→ ABOUT THIS TASK:
Please restate, word for word, the lines below that begin at the one with "Синий цвет, пятикарманный" and end at the one with "Vestido corto con". Leave out all other lines.
### SOURCE DATA
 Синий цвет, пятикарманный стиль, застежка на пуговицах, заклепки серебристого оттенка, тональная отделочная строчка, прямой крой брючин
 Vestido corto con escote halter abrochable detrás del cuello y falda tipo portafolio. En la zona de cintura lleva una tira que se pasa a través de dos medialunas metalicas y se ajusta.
######
### SOURCE DATA
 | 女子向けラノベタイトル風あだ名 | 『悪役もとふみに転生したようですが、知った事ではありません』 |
######
→ SOLUTION FOR THIS TASK:
 Синий цвет, пятикарманный стиль, застежка на пуговицах, заклепки серебристого оттенка, тональная отделочная строчка, прямой крой брючин
 Vestido corto con escote halter abrochable detrás del cuello y falda tipo portafolio. En la zona de cintura lleva una tira que se pasa a través de dos medialunas metalicas y se ajusta.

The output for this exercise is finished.